7. Finally, it will ask you to create an Ubuntu username and password. Specify the username and password and hit enter.

Installing InfluxDB

Here, we will go through some steps to install the InfluxDB database in Ubuntu:

1. To set up InfluxDB, open a command prompt in Administrator mode and run the bash shell.
2. Execute the following commands to the InfluxDB data store on your local PC:

      $ curl -sL https://repos.influxdata.com/influxdb.key | sudo apt-key add - 
      $ source /etc/lsb-release 
      $ echo "deb https://repos.influxdata.com/${DISTRIB_ID,,} 
      $ {DISTRIB_CODENAME} stable" | sudo tee /etc/apt/sources.list.d/influxdb.list

3. Install InfluxDB by executing the following command:

      $ sudo apt-get update && sudo apt-get install influxdb

4. Execute the following command to run InfluxDB:

      $ sudo influxd

5. Start the InfluxDB shell by running the following command:

      $ sudo influx

It will open up the shell where database-specific commands can be executed.

6. Create a database by executing the following command.
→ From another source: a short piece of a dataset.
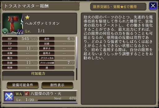 | ⇩MA2強化⇩ 味方の火属性ユニットのHP上限+10%・火属性アビリティ攻撃+15 自身の物理ダメージ軽減+10・獲得AP+30% 物理ダメージ+10%・治癒力+15・攻撃前に3T対象の弱体抵抗率25ダウン |

Specify a meaningful name for the database. In our case, it is appmetricsdb:

      > create database appmetricsdb 

Installing Grafana

Grafana is an open source tool used to display dashboards in a web interface. There are various dashboards available that can be imported from the Grafana website to display real-time analytics. Grafana can simply be downloaded as a zip file from http://docs.grafana.org/installation/windows/. Once it is downloaded, we can start the Grafana server by clicking on the grafana-server.exe executable from the bin directory.
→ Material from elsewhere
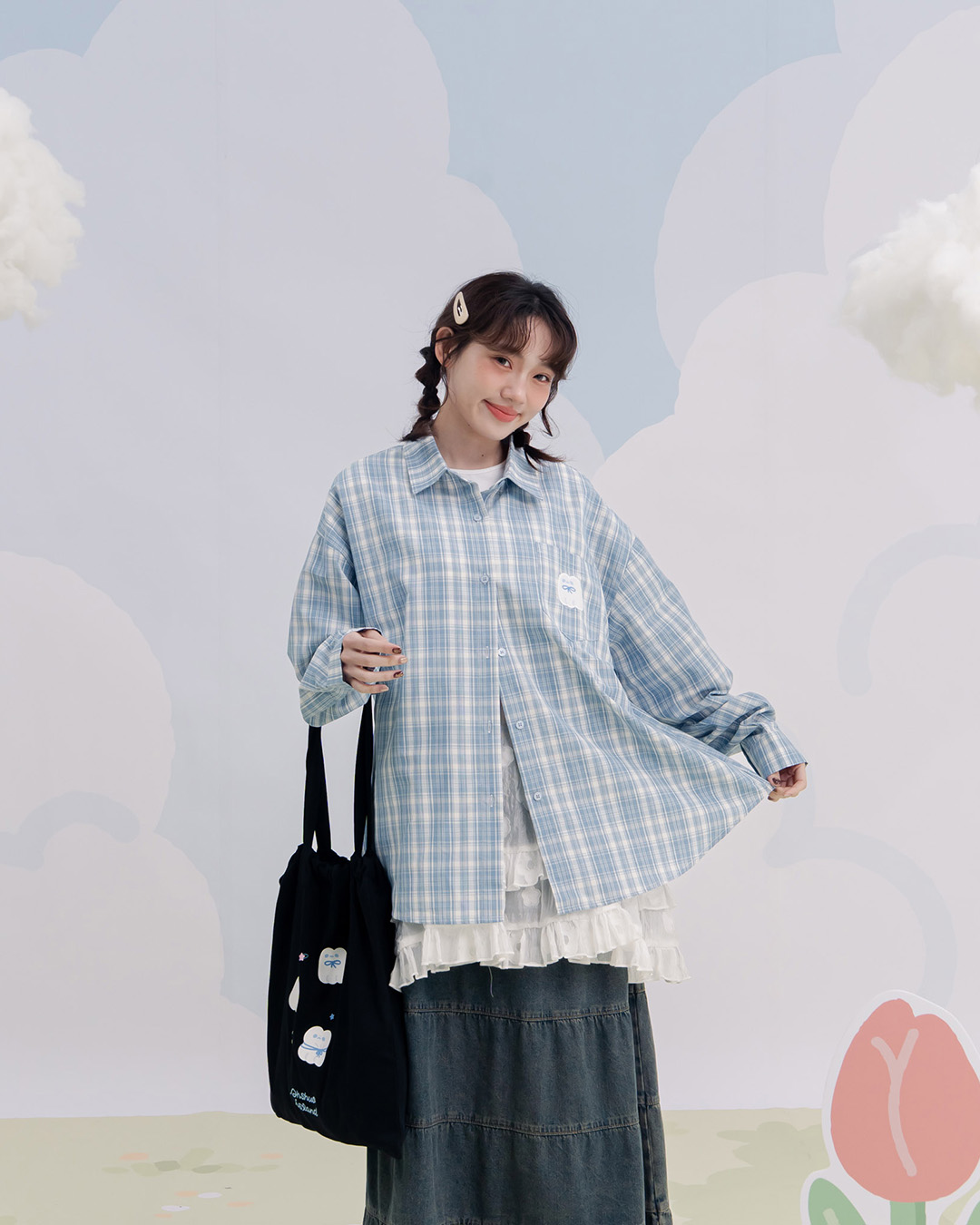 阿說不想說 SNUGGLE刺繡格紋長袖襯衫

Grafana provides a website that listens on port 3000. If the Grafana server is running, we can access the site by navigating to http://localhost:3000.

Adding the InfluxDB dashboard

There is an out-of-the-box InfluxDB dashboard available in Grafana which can be imported from the following link: https://grafana.com/dashboards/2125.

Copy the dashboard ID and use this to import it into the Grafana website.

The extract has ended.